Nudix hydrolases are a family of proteins that contains the Nudix signature of the characteristic amino-acid sequence Gx(5)Ex(5) [UA]xREx(2)EExGU, where x represents any amino acid and U usually a bulky hydrophobic amino acid, such as Leu, Val, or Ile. They ubiquitously exist in more than 200 species. YmfB, a novel Nudix hydrolase found in Escherichia coli, is a nonspecific nucleoside tri- and di-phosphatase, which atypically releases inorganic orthophosphate from triphosphates instead of pyrophosphate.
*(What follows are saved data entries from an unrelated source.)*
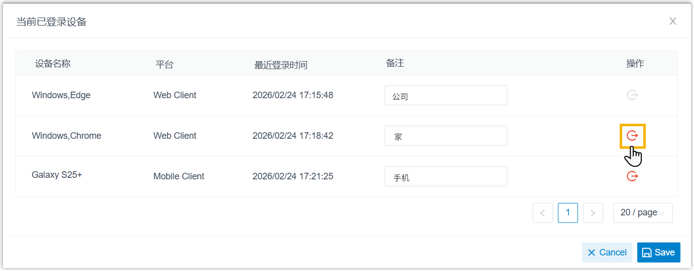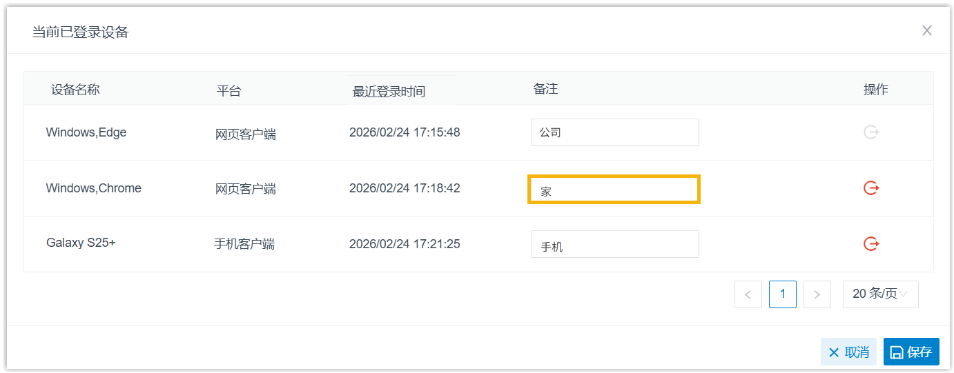 你可以在 Linkus 网页端查看登录分机的所有 Linkus 客户端及其相关的设备信息 (设备名称、客户端类型及最后登录时间)。此外,你还可以为设备添加备注,或将分机从指定设备上登出。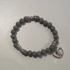 Armband van houten kralen met verzilverde ornamenten. Aan de armband hangt een zilverkleurige hart en het LC embleem. Sluit om de pols door elastisch band. Diameter kraal 8mm.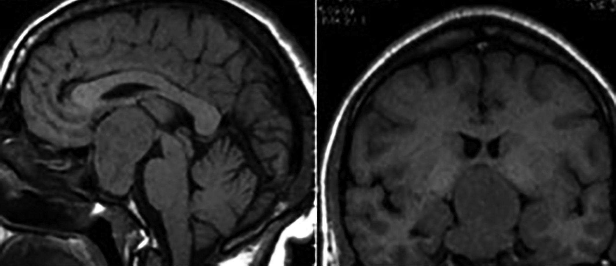 Рисунок 8. Эндо-супраселлярная соматотропинома. На сагиттальных (А) и фронтальных (Б) МР-томограммах в Т1-взвешенном режиме выявляется гипоинтенсивная опухоль.

In this study, YmfB was cloned, overexpressed, and crystallized. Two different crystals, one belonging to an orthorhombic space group C222(1) and the other a monoclinic space group P2(1), diffracted to 2.7 A and 2.6 A resolution, and had unit cell parameters of a = 68.7 A, b = 283.1 A, c = 70.4 A and a = 69.1 A, b = 70.3 A, c = 145.6 A, beta = 103.3 degrees , respectively. For the C222(1) space group, four or five monomers exist in the asymmetric unit, with a corresponding V(m) of 2.48 or 1.99 A(3) Da(-1) and a solvent content of 50.5 or 38.2%. For the P2(1) space group, eight or nine monomers exist in the asymmetric unit, with a corresponding V(m) of 2.49 or 2.21 A(3) Da(-1) and a solvent content of 50.7 or 44.5%.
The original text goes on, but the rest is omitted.